Fast and Accurate Langevin Simulations of Stochastic Hodgkin-Huxley Dynamics

TL;DR

This paper introduces a 14-dimensional Langevin model for Hodgkin-Huxley dynamics that improves accuracy and computational efficiency in simulating stochastic ion channel behavior, surpassing previous models in interspike-interval prediction.

Contribution

The paper presents a novel 14D Langevin formulation for HH systems with an efficient noise coefficient matrix, enhancing accuracy and simplicity over existing models.

Findings

The 14D model is consistent with classical HH representations.

It provides more accurate interspike-interval distributions.

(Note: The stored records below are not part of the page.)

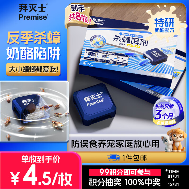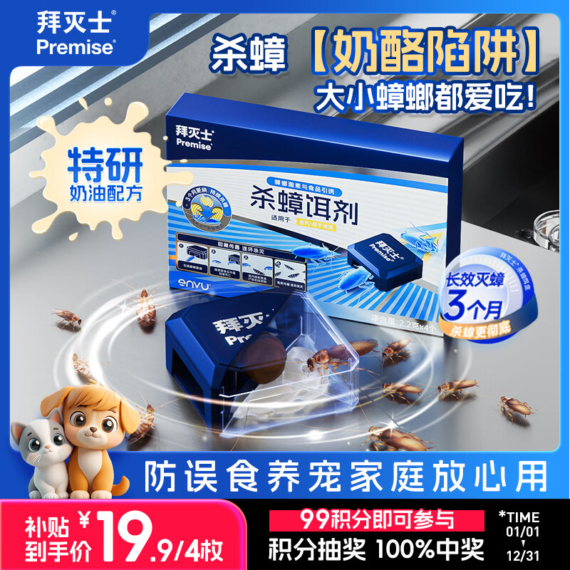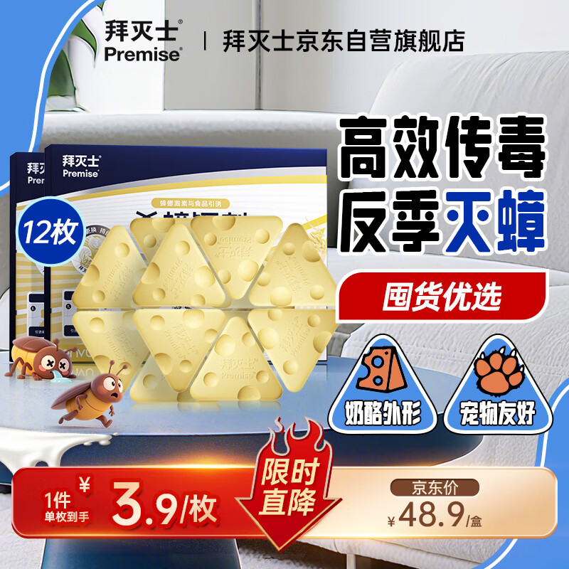 拜灭士蟑螂药奶酪杀蟑饵剂12枚蟑螂屋室内全窝端大小蟑螂诱饵盒热门商品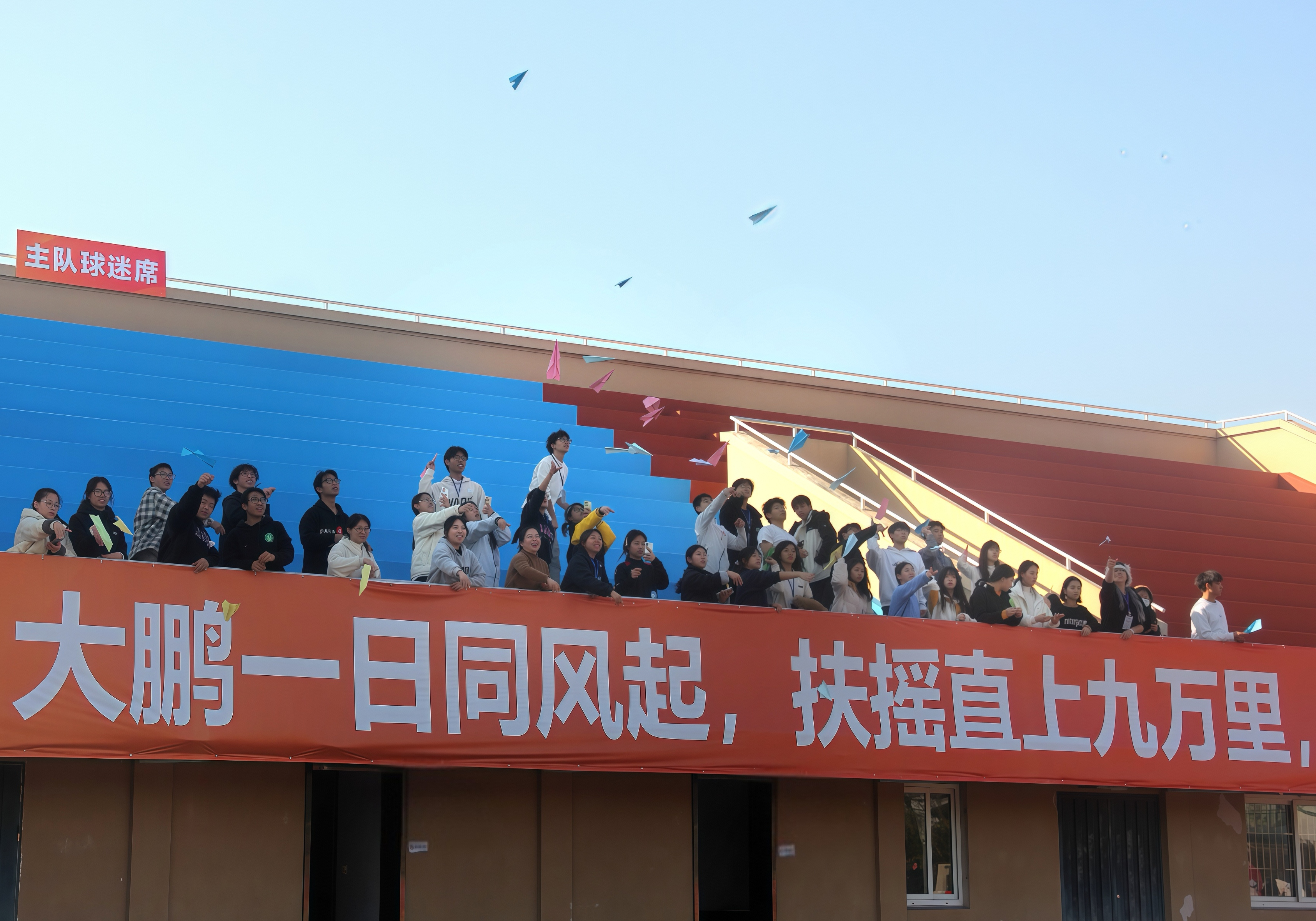 最具温情的环节当属“纸飞机寄愿”。同学们执笔写下烦恼或期盼,将纸页折成飞机的形状,奋力抛向晴空。纸飞机随风而起,仿佛承载心事远去,亦托付愿望高飞,成为午后一道动人的风景。活动尾声,大家手持明信片合影留念,方寸纸片如舟,载起同心热望,这场与暖阳的邂逅,让少年意气在风中自在生长。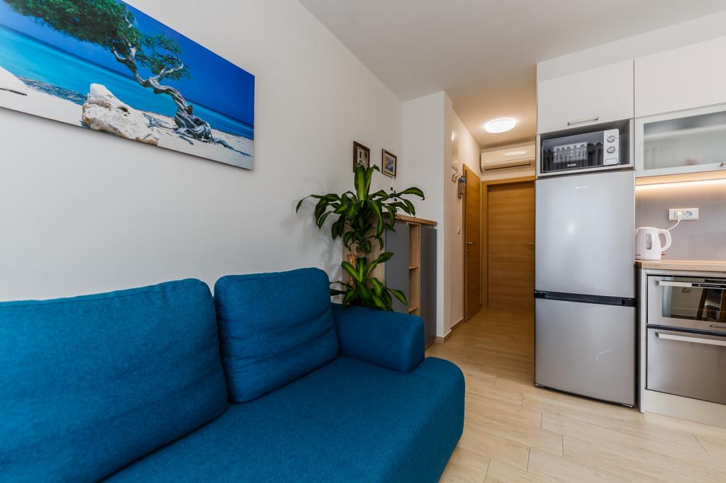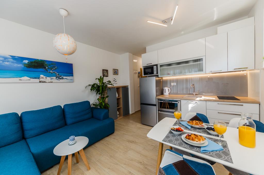 We (two adults and two children, ages 7 and 11) spent two wonderful weeks in Damir and Tina's apartment. We received a warm welcome upon arrival, and everything we needed was explained to us. Cold drinks were already waiting for us in the fridge. Damir was easily reachable via WhatsApp for any questions or anything else. The apartment was super clean and we had everything we needed. A washing machine in the bathroom and everything you could possibly need in the kitchen. Smart TV, WiFi, and air conditioning were simply fantastic. The view from the balcony is simply fantastic. Straight ahead, you have a view of the sea, and to the right, you can see the mountains behind which the sun sets in the evening. I already miss the view. All the shops are within walking distance, and the beach is just a few meters away. That's what makes vacations fun. We felt very comfortable! The evening before our departure, Damir and Tina came by to say goodbye. Damir and Tina, thank you so much for letting us spend our vacation with you. Keep up the good work! Everything was just as you would wish, and we felt right at home. We can only recommend the apartment
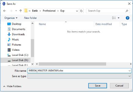 2. Maka muncul jendela untuk menyimpan file export, pilih folder kemudian isi nama file dan extention file kemudian klik Save untuk menyimpan.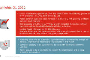 Zur Orientierung: Der ATX lag mit den Schlusskursen von gestern ytd bei -34,12 Prozent , der DAX bei -16,48 Prozent und der Dow Jones bei -14,24 Prozent. Heute sieht es erneut schwächer aus, Trump legt sich mit Russland und China an und das bei US-Arbeitslosenzahlen von 17,2 Prozent. Neu in der Austrian Visual Worldwide Roadshow ist heute die Telekom Austria : boerse-social.com austrianworldwideroadshow presentation a1_telekom_austria 3806 [pic2] Statement des Unternehmens: "Die grundlegenden positiven Trends der letzten Quartale setzten sich über weite Strecken im 1. Quartal 2020 mit stabilen oder wachsenden Erlösen aus Dienstleistungen und einem Anstieg des EBITDA in Weißrussland, Bulgarien, Kroatien und Serbien fort . Da sich die Verbreitung von Covid-19 ... » Weiterlesen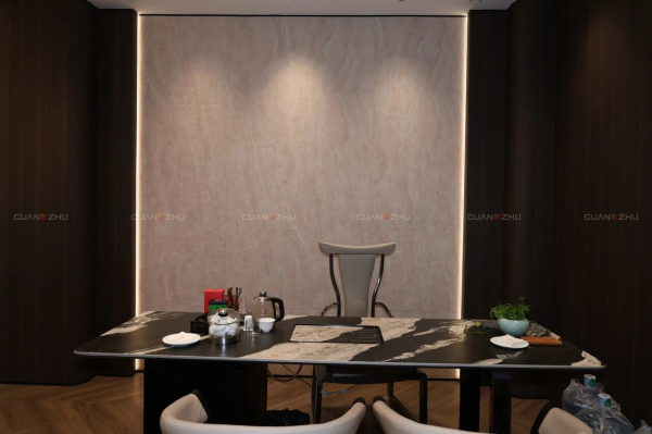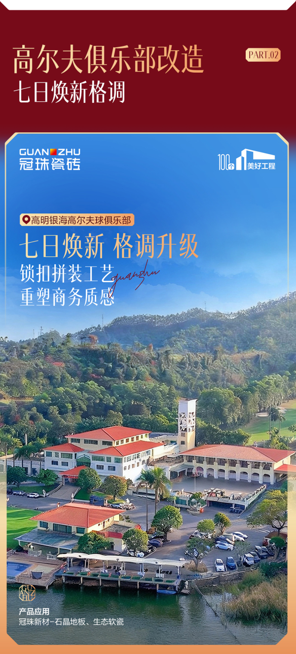 高明银海高尔夫俱乐部的焕新项目,则是一场对极限工期与卓越美学双重要求的严格履约。冠珠新材通过其多材质系统化融合方案,在短短七天为项目升级打造出高端商务接待空间。
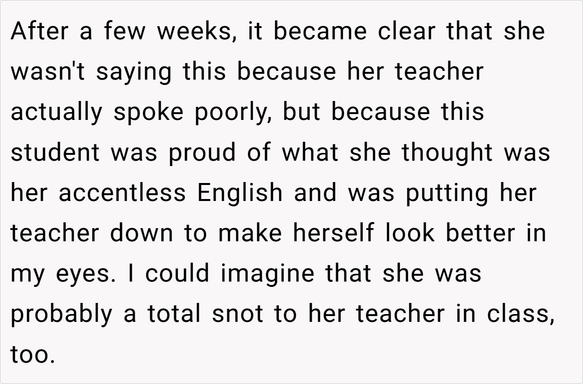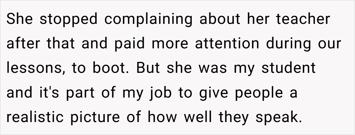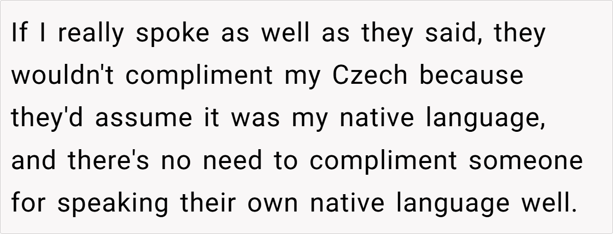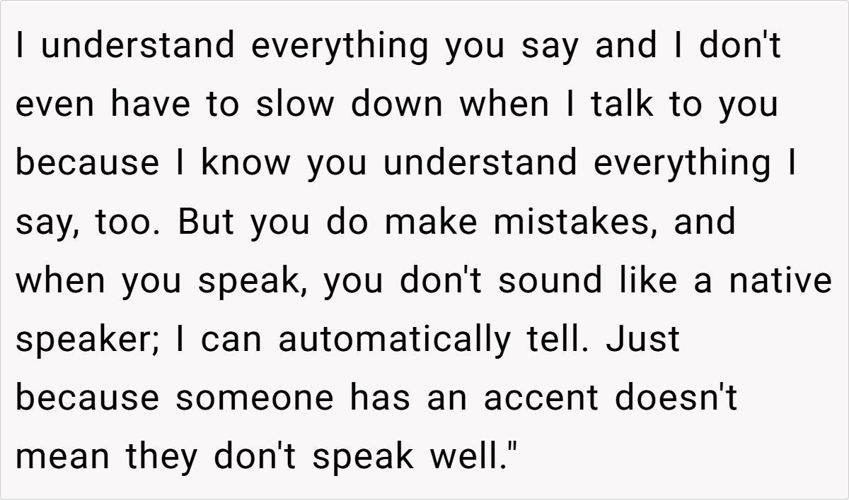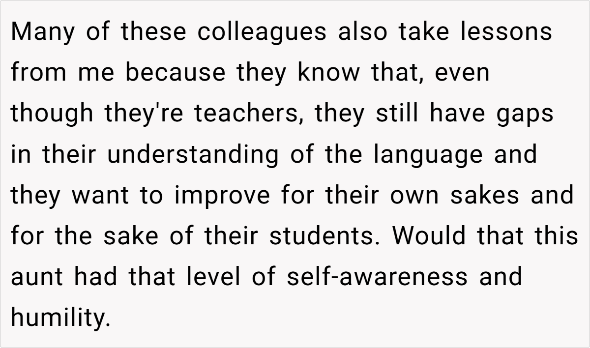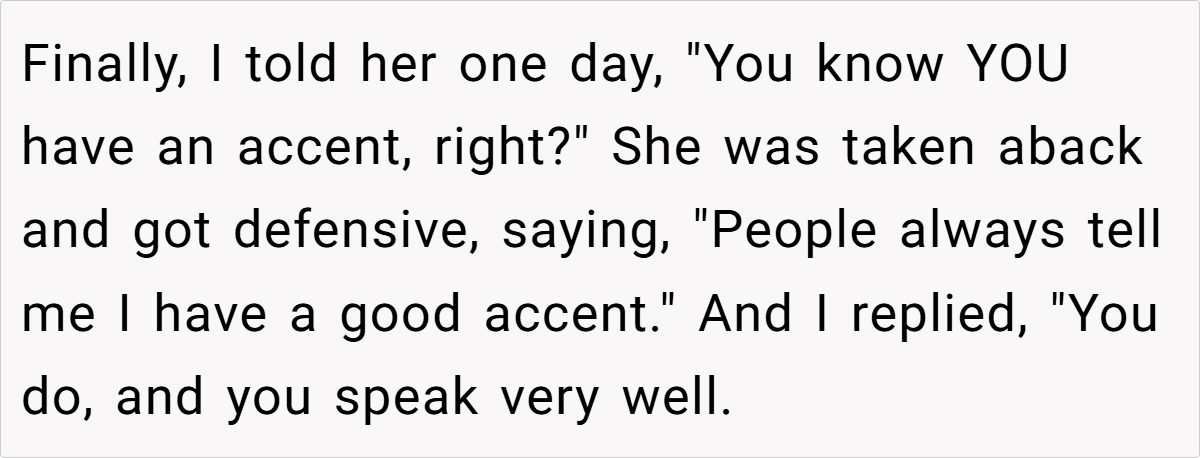 Moreover, the context of a family gathering complicates the dynamics. The aunt’s insistence on speaking French in a mixed-language environment excludes others and creates discomfort. As noted by sociolinguist Dr. Penny Eckert, “Social interactions are influenced by the language choices we make, and these choices can either include or alienate participants.” The OP’s frustration stems from this exclusion, prompting her to respond in a way that highlights the aunt’s hypocrisy.

The model is computationally efficient and supports stochastic shielding.

Abstract

Fox and Lu introduced a Langevin framework for discrete-time stochastic models of randomly gated ion channels such as the Hodgkin-Huxley (HH) system. They derived a Fokker-Planck equation with state-dependent diffusion tensor $D$ and suggested a Langevin formulation with noise coefficient matrix $S$ such that $SS^\intercal=D$. Subsequently, several authors introduced a variety of Langevin equations for the HH system. In this paper, we present a natural 14-dimensional dynamics for the HH system in which each \emph{directed} edge in the ion channel state transition graph acts as an independent noise source, leading to a $14\times 28$ noise coefficient matrix $S$. We show that (i) the corresponding 14D system of ordinary differential \rev{equations} is consistent with the classical 4D representation of the HH system; (ii) the 14D representation leads to a noise coefficient matrix $S$ that can be obtained cheaply on each timestep, without requiring a matrix decomposition; (iii) sample trajectories of the 14D representation are pathwise equivalent to trajectories of Fox and Lu's system, as well as trajectories of several existing Langevin models; (iv) our 14D representation (and those equivalent to it) give the most accurate interspike-interval distribution, not only with respect to moments but under both the $L_1$ and $L_\infty$ metric-space norms; and (v) the 14D representation gives an approximation to exact Markov chain simulations that are as fast and as efficient as all equivalent models. Our approach goes beyond existing models, in that it supports a stochastic shielding decomposition that dramatically simplifies $S$ with minimal loss of accuracy under both voltage- and current-clamp conditions.